Regulated production, expansion, and death keep the overall numbers of T lymphocytes relatively constant in the course of the mammalian life (1, 2). In addition, T cells grafted into lymphopenic hosts undergo, in the absence of exogenous antigenic stimuli, clonal expansion until their number plateaus (3, 4, 5). This behavior was initially named homeostatic proliferation. The observation that expanding naive T cells acquire an effector/memory phenotype (6, 7), however, resulted in renaming the phenomenon lymphopenia-driven proliferation (LDP).4
More recently, LDP of naive CD4+ and CD8+ T cells has also been demonstrated in a physiological lymphopenic environment, i.e., the developing neonatal immune system (8, 9). Furthermore, infrequent Ag-independent proliferation plays a crucial role in memory T cell maintenance (10, 11, 12). LDP is also of major clinical relevance, both in a beneficial context, as a source of T cell regeneration in therapy-related lymphopenia (13), and in a harmful setting, as an obstacle to transplantation tolerance (14).
The molecular requirements for LDP of naive and memory CD8+ T cells have been defined in some detail. The cytokine IL-7- and TCR-mediated recognition of low affinity self-peptide/MHC complexes are required for the maintenance of naive CD8+ T cells (15). In contrast, the survival and proliferation of memory CD8+ T cells are generally independent of MHC recognition (16), but require the cytokines IL-7 and IL-15, respectively (17, 18, 19, 20). Interestingly, recent studies suggest that IL-15 must be presented to CD8+ memory T cells by neighboring bone marrow (BM)-derived cytokine-presenting cells on a high affinity receptor (IL-15Rα) (20, 21). This indicates that cell-cell contact and a limiting cellular surface are important in lymphopenia-driven/homeostatic proliferation.
Although the molecular interface is relatively well defined, the identity of the BM-derived cell type that provides the surface screened by T cells remains under debate. LDP of naive T cells requires entry of the grafted cells into the dendritic cell (DC)-rich T cell areas of lymphoid organs (22). This together with the observation that adoptively transferred DC can boost the proliferation of naive CD8+ T cells in lymphopenic recipient mice (23) have led to the suggestion that DC play a major role in lymphopenia-driven proliferation. More recently, Gruber and Brocker (24) reported that transgenic DC-restricted MHC class expression is sufficient to promote homeostatic CD8+ T cell proliferation. However, although these reports suggest that DC can support LDP, none has addressed whether this is a unique DC feature or whether other BM-derived cells carrying self-peptide/MHC class I complexes and expressing the relevant cytokines are sufficient to sustain LDP of naive and memory CD8+ T cells.

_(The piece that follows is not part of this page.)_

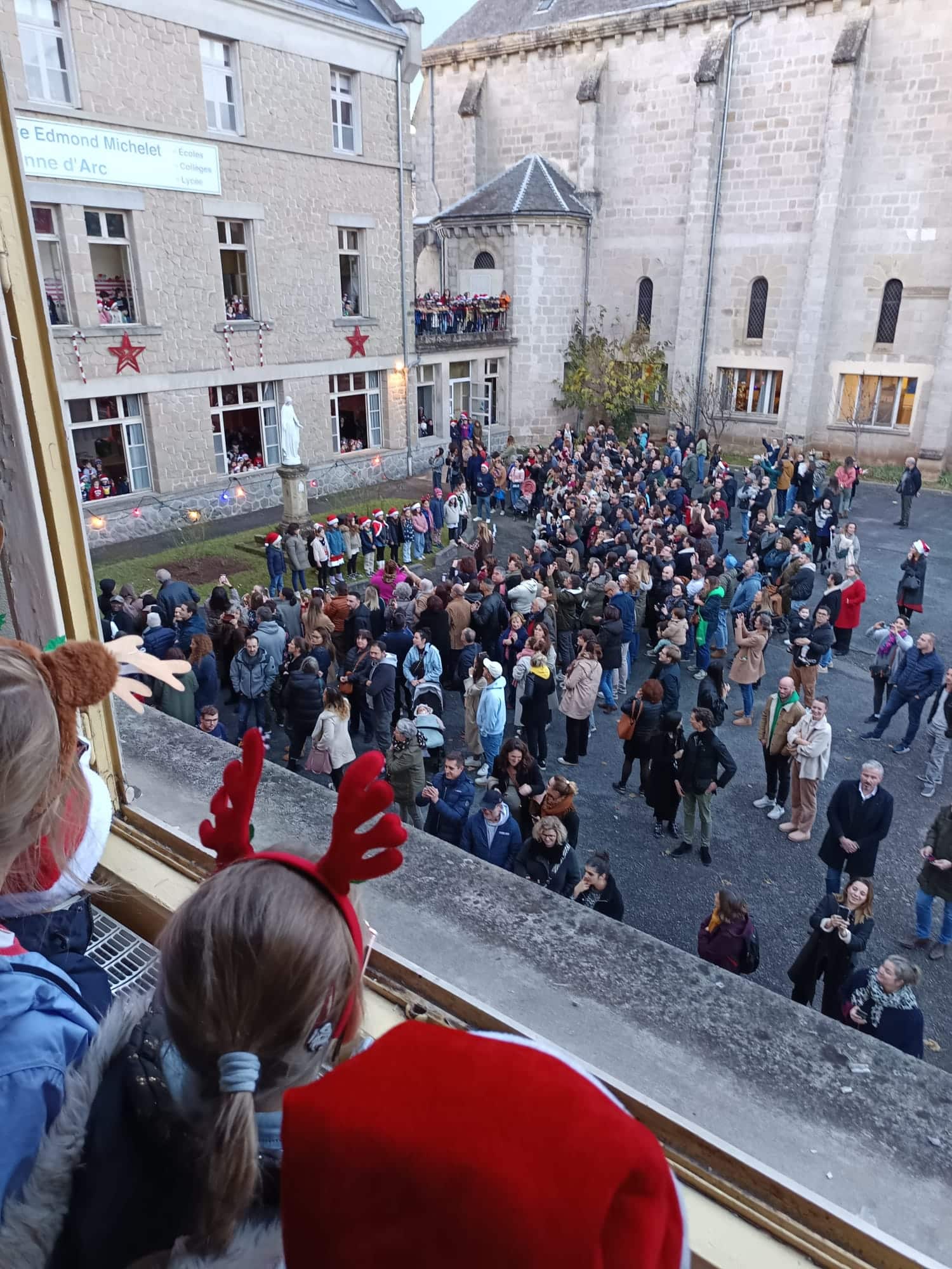 Hier soir, la cour d’honneur de l’école Jeanne d’Arc s’est illuminée d’une ambiance toute particulière lors d’une douce surprise de Noël proposée aux familles. Un temps simple et joyeux, placé sous le signe du partage et de la convivialité.

In this study we report impairment of lymphopenia-driven/homeostatic proliferation of naive and memory CD8+ T cells in mice depleted of CD11chigh DC after diphtheria toxin-induced conditional cell ablation. Our results suggest that CD11chigh DC define the limiting cellular surface that determines the size of the peripheral naive and memory CD8+ T cell pool.
Materials and Methods
Mice
This study involved the use of CD11c-diptheria toxin (DT) receptor (DTR) transgenic mice (line DTR57; B6.FVB-Tg(Itgax-DTR/GFP)57Lan/J) on the following genetic backgrounds: C57BL/6, CB6F1 (C57BL/6 × BALB/C):Rag1−/−, C57BL/6:TCRα−/−, and CB6F1. All DTR transgenic mice used in this study were heterozygote transgenic. CD11c-DTR mice were screened by PCR using the following primers: DTR1, 5′-gcc acc atg aag ctg ctg ccg-3′; and DTR2, 5′-tca gtg gga att agt cat gcc-3′. For systemic DC depletion, CD11c-DTR transgenic mice were injected i.p. twice with diphtheria toxin (in PBS; D-2918; Sigma-Aldrich) at the doses of 4 and 2 ng/g body weight 8 h before and 2 days after T cell transfer, respectively. All mice were maintained under specific pathogen-free conditions and handled under protocols approved by the Weizmann Institute animal care committee according to international guidelines.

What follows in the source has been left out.